> **INSTRUCTIONS FOR THE TASK**:
Starting with the line below that holds "まずはこれら4種類を見分けら" and stopping after the line that holds "Color: Deep Indigo with lotus block prints", transcribe the lines exactly, leaving out all pictures.

> **RECORDS**:
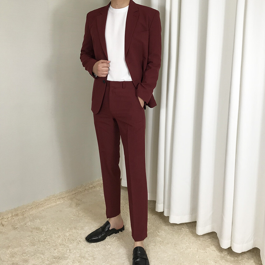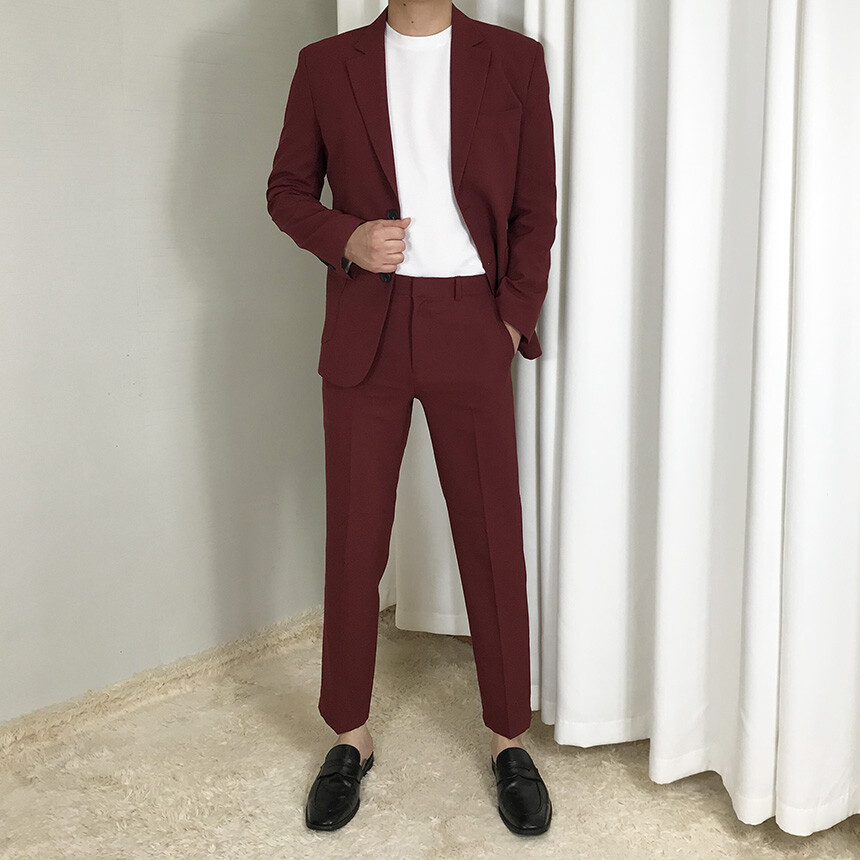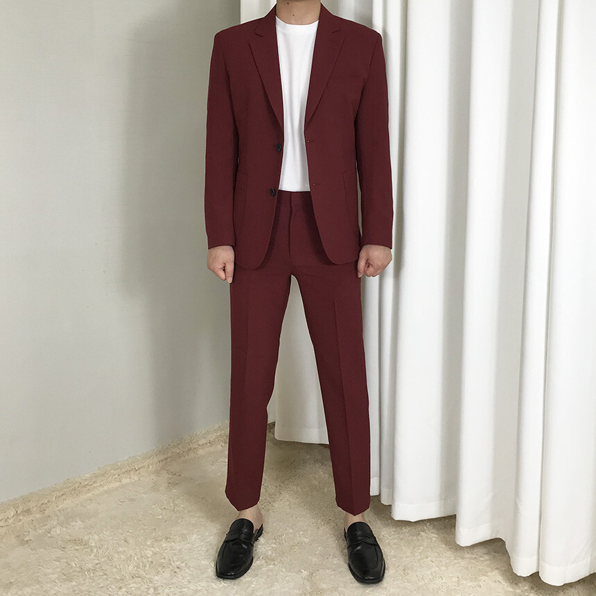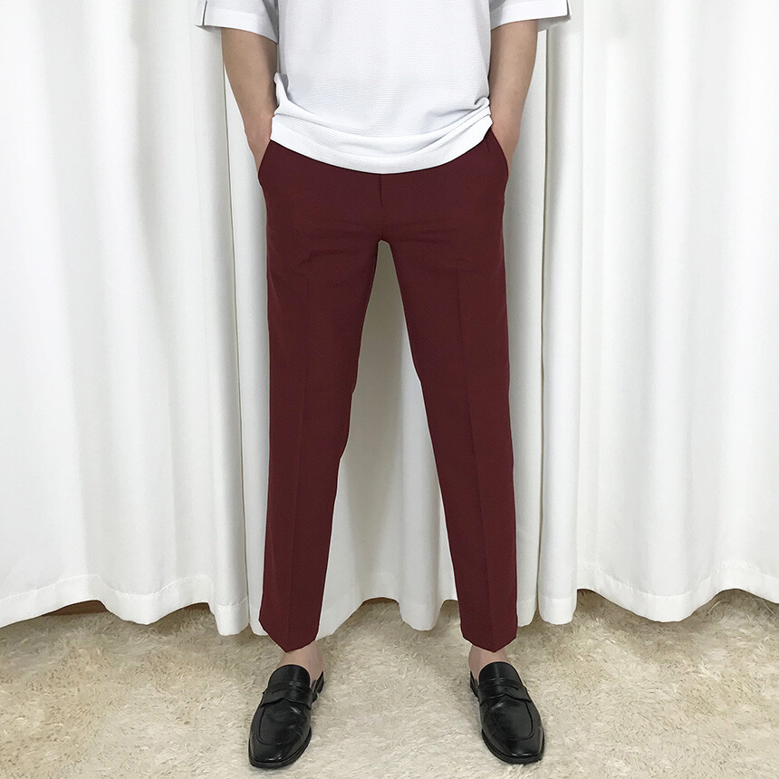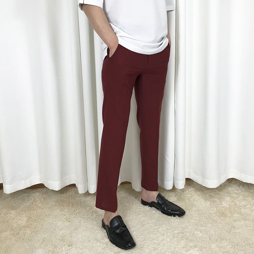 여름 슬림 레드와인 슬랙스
==
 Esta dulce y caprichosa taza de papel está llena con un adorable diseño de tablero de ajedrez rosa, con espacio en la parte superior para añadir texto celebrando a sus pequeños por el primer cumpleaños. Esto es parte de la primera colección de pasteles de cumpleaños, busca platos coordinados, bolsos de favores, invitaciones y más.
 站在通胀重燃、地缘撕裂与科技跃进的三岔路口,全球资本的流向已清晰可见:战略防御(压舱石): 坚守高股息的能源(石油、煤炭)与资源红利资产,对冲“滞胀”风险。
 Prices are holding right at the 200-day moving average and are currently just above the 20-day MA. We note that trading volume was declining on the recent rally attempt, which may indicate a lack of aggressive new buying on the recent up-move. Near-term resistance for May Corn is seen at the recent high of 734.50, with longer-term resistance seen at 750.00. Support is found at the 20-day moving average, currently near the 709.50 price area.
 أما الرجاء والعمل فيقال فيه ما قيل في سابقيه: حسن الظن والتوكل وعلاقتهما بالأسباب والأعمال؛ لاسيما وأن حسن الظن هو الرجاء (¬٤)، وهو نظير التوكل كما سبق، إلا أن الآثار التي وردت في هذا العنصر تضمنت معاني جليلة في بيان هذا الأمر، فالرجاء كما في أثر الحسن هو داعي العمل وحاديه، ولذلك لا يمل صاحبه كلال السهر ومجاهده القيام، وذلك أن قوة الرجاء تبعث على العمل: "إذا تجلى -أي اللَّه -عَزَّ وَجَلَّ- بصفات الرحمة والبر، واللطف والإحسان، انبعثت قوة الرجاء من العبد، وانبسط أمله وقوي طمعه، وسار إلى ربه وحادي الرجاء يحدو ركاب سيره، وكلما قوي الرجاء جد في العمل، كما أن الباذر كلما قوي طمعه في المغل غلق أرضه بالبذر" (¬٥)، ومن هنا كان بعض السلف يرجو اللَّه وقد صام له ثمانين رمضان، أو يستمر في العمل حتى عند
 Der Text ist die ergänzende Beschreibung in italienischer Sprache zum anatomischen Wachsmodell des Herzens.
---
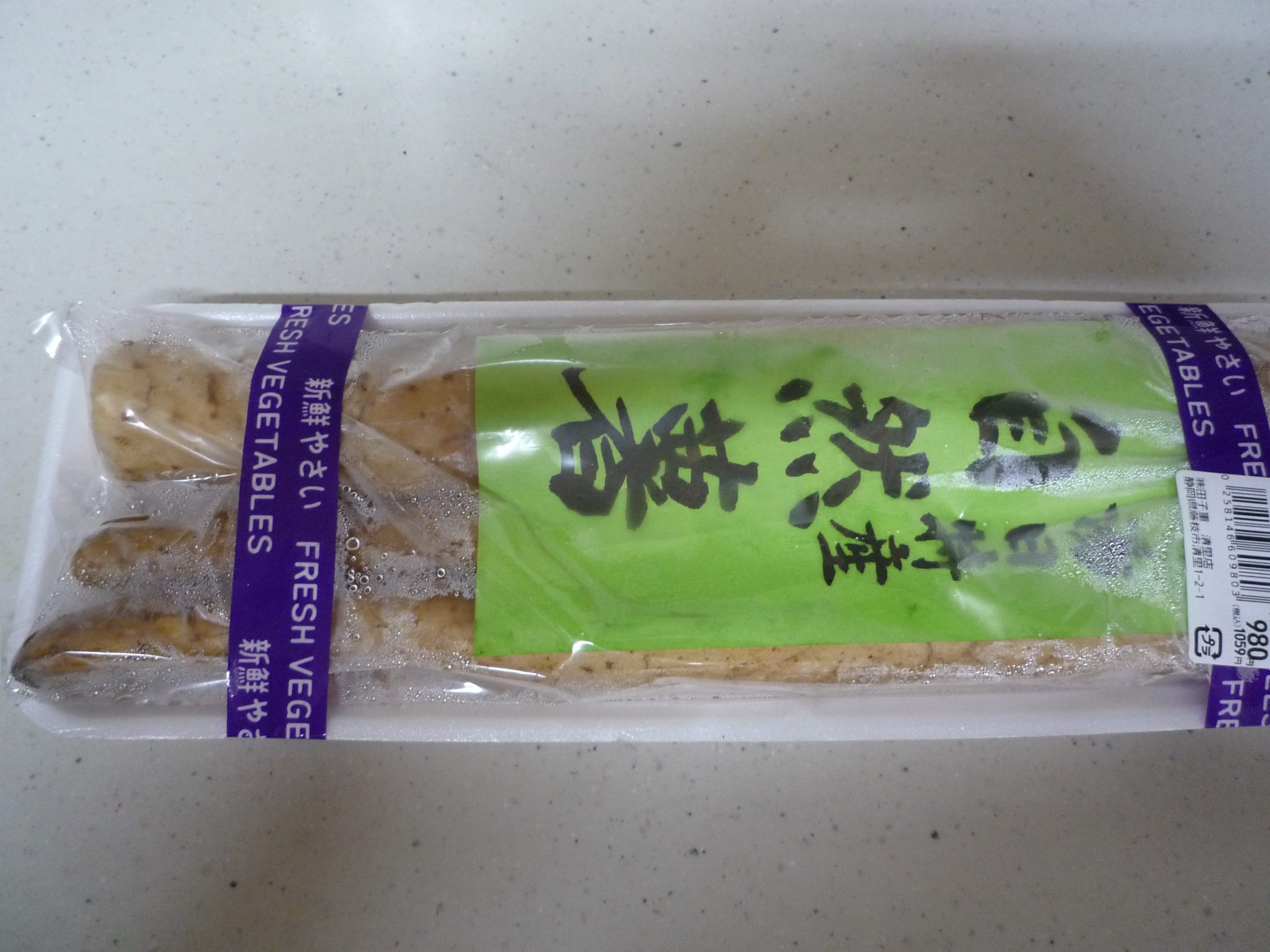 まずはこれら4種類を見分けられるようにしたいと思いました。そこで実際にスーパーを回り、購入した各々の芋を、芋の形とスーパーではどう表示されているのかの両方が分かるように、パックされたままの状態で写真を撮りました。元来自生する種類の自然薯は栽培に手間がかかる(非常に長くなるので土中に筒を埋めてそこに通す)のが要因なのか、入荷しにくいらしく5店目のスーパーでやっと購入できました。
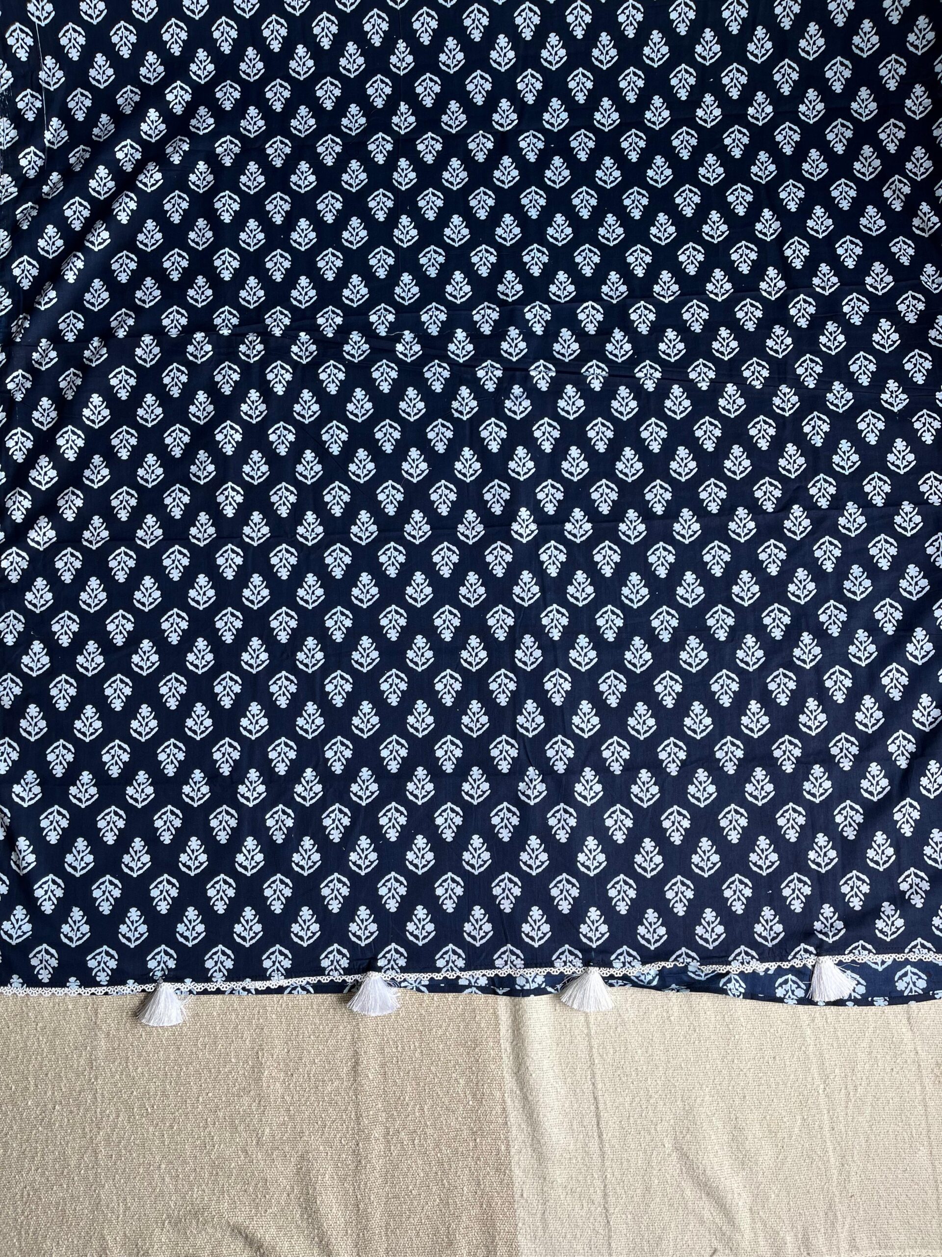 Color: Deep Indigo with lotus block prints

> **YOUR RESPONSE**:
 まずはこれら4種類を見分けられるようにしたいと思いました。そこで実際にスーパーを回り、購入した各々の芋を、芋の形とスーパーではどう表示されているのかの両方が分かるように、パックされたままの状態で写真を撮りました。元来自生する種類の自然薯は栽培に手間がかかる(非常に長くなるので土中に筒を埋めてそこに通す)のが要因なのか、入荷しにくいらしく5店目のスーパーでやっと購入できました。
 Color: Deep Indigo with lotus block prints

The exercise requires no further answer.